_Task goal_:
Give again, exactly as written, the lines of the records below from the line with "Пазлы фигурные деревянные" to the line with "A legjobb minőségű". Both end lines count; pictures do not.

_Given data_:
────────
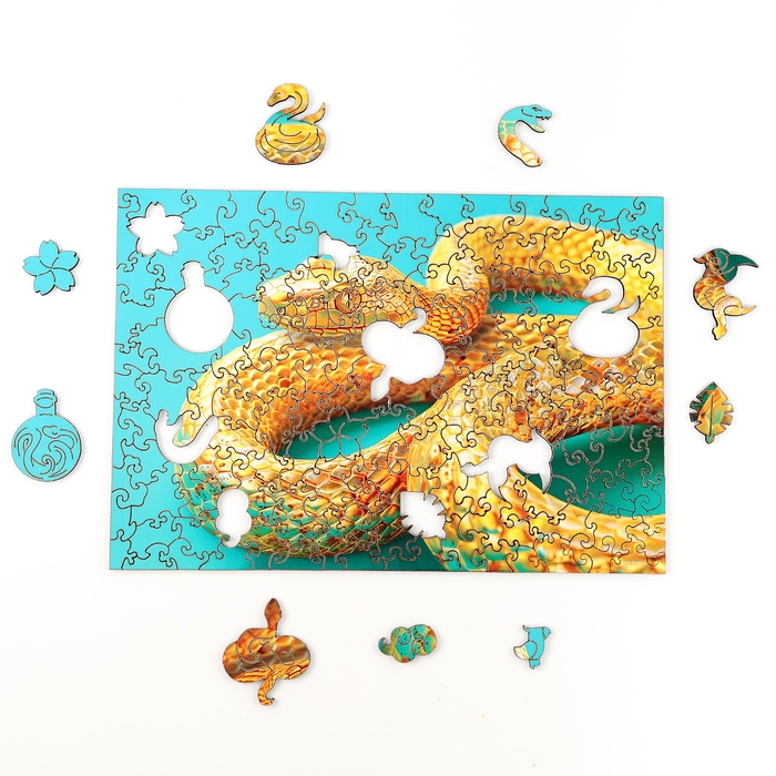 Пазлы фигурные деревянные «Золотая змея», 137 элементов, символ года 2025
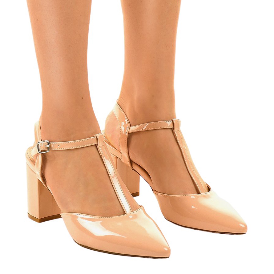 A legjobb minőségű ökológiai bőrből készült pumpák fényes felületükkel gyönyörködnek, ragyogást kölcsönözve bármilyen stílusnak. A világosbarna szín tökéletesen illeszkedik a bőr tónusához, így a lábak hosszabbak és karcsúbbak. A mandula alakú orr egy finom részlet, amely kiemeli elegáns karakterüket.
────────
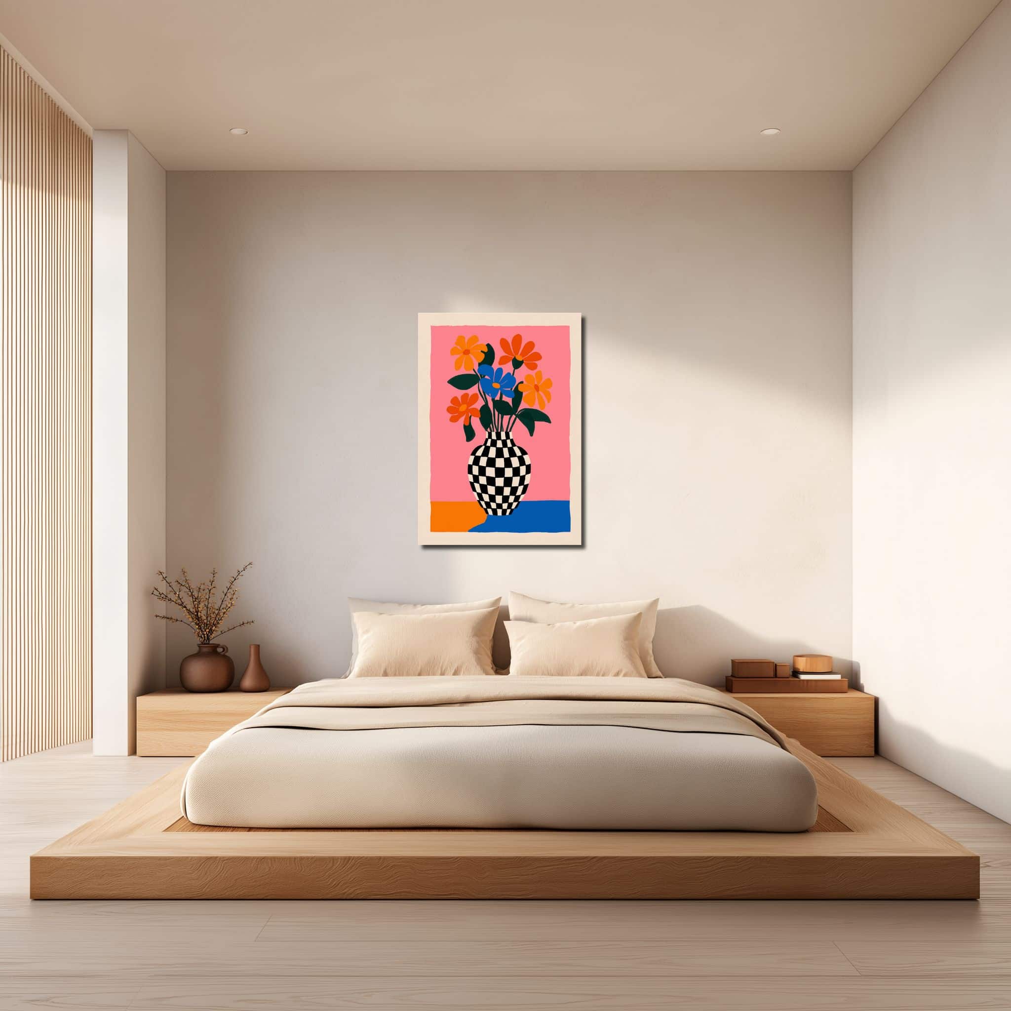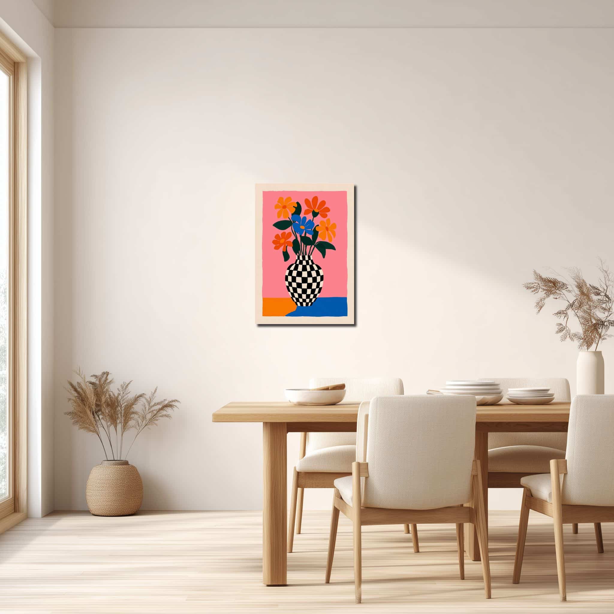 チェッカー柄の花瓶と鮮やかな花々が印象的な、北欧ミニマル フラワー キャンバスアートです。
────────
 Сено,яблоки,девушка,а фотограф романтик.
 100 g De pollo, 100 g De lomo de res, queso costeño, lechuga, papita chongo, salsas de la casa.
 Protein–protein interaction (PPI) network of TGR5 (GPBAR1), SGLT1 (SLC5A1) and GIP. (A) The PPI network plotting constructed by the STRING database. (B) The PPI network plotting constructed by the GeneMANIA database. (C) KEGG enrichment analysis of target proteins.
────────
_Response_:
 Пазлы фигурные деревянные «Золотая змея», 137 элементов, символ года 2025
 A legjobb minőségű ökológiai bőrből készült pumpák fényes felületükkel gyönyörködnek, ragyogást kölcsönözve bármilyen stílusnak. A világosbarna szín tökéletesen illeszkedik a bőr tónusához, így a lábak hosszabbak és karcsúbbak. A mandula alakú orr egy finom részlet, amely kiemeli elegáns karakterüket.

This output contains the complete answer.